----- RECORDS PROVIDED -----
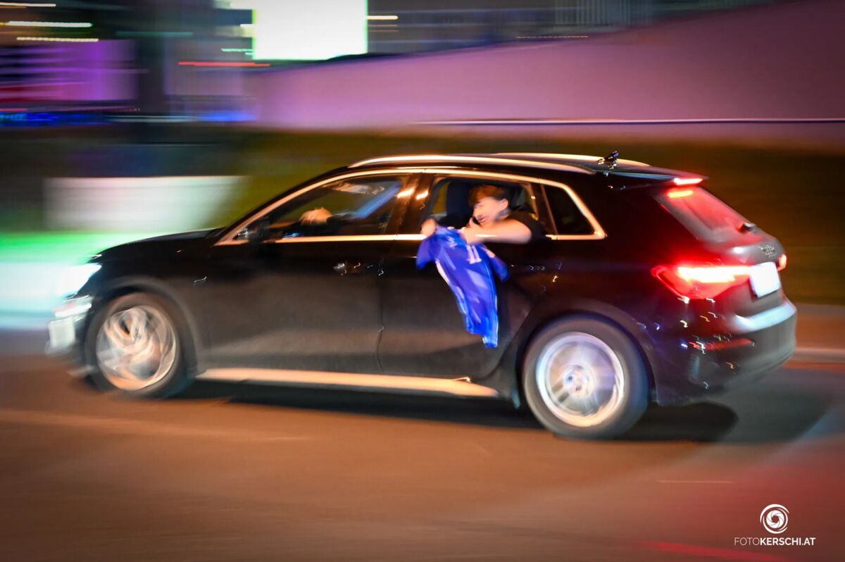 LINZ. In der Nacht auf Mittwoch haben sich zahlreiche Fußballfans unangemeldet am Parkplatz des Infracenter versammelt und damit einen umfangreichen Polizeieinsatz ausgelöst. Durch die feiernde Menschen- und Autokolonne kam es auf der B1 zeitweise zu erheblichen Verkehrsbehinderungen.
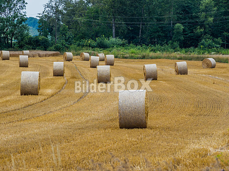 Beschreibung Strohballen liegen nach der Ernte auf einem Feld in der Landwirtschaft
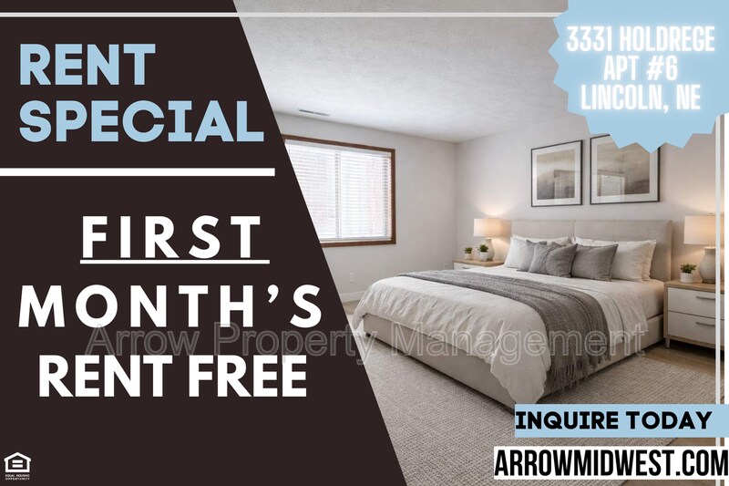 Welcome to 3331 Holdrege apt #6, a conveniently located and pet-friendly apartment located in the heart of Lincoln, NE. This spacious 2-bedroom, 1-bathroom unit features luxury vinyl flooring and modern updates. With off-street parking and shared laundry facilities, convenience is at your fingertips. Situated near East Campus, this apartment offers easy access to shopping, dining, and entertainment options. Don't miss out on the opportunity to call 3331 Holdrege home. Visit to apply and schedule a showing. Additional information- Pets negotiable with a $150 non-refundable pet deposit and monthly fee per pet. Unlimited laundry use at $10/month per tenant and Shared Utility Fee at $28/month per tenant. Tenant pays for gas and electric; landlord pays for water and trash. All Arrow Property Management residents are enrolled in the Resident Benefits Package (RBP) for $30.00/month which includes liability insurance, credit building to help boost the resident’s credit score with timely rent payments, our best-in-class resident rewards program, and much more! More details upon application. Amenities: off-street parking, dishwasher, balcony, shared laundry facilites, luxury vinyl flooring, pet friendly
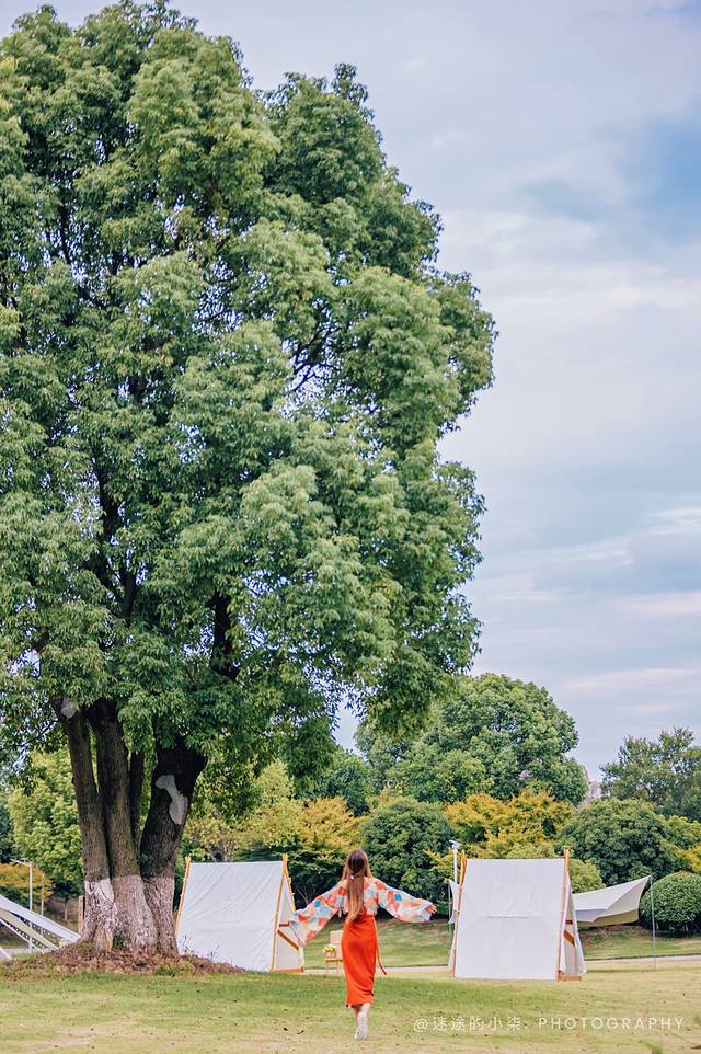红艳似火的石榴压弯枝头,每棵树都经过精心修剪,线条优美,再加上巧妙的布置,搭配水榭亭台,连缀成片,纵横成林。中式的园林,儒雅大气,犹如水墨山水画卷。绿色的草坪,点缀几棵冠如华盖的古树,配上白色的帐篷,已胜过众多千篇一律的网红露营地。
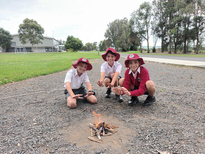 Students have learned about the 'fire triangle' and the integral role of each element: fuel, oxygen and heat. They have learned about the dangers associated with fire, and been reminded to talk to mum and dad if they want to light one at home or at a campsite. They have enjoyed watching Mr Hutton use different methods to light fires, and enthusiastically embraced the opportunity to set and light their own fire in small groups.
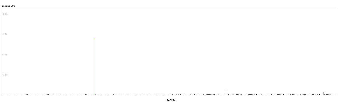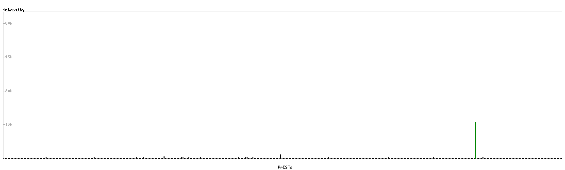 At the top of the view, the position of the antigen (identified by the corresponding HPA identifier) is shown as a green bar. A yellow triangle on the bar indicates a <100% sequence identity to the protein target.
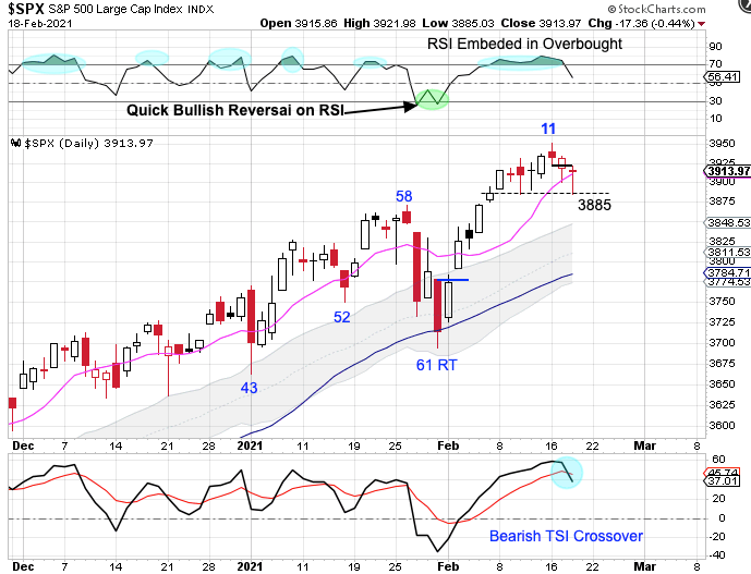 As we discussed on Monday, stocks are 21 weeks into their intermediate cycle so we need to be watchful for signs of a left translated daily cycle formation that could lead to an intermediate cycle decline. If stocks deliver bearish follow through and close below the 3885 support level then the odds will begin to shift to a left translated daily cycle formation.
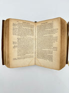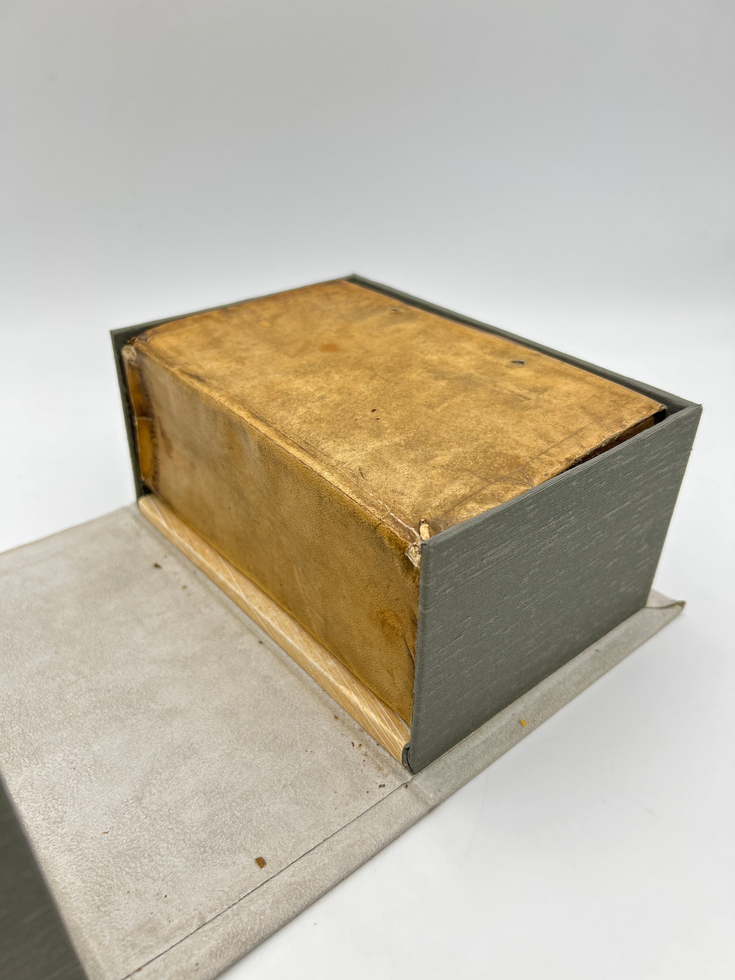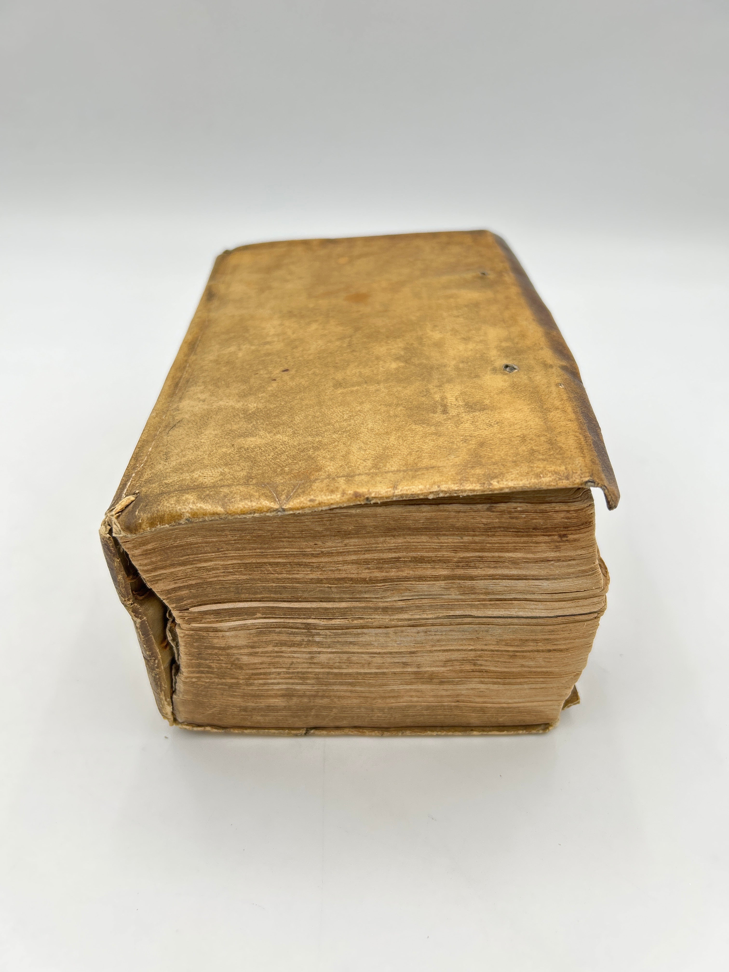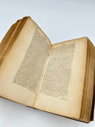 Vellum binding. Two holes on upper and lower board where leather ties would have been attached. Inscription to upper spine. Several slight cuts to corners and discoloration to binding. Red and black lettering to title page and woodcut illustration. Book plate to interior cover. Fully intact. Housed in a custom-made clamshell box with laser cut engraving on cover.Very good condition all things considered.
-----
TASK PROMPT:
Each line from the one holding "At the top of" through the final line of the data needs to be transcribed exactly. Include both ends, skip the pictures, and add nothing.

RESPONSE TO THIS EXERCISE:
 At the top of the view, the position of the antigen (identified by the corresponding HPA identifier) is shown as a green bar. A yellow triangle on the bar indicates a <100% sequence identity to the protein target.
 As we discussed on Monday, stocks are 21 weeks into their intermediate cycle so we need to be watchful for signs of a left translated daily cycle formation that could lead to an intermediate cycle decline. If stocks deliver bearish follow through and close below the 3885 support level then the odds will begin to shift to a left translated daily cycle formation.
 Vellum binding. Two holes on upper and lower board where leather ties would have been attached. Inscription to upper spine. Several slight cuts to corners and discoloration to binding. Red and black lettering to title page and woodcut illustration. Book plate to interior cover. Fully intact. Housed in a custom-made clamshell box with laser cut engraving on cover.Very good condition all things considered.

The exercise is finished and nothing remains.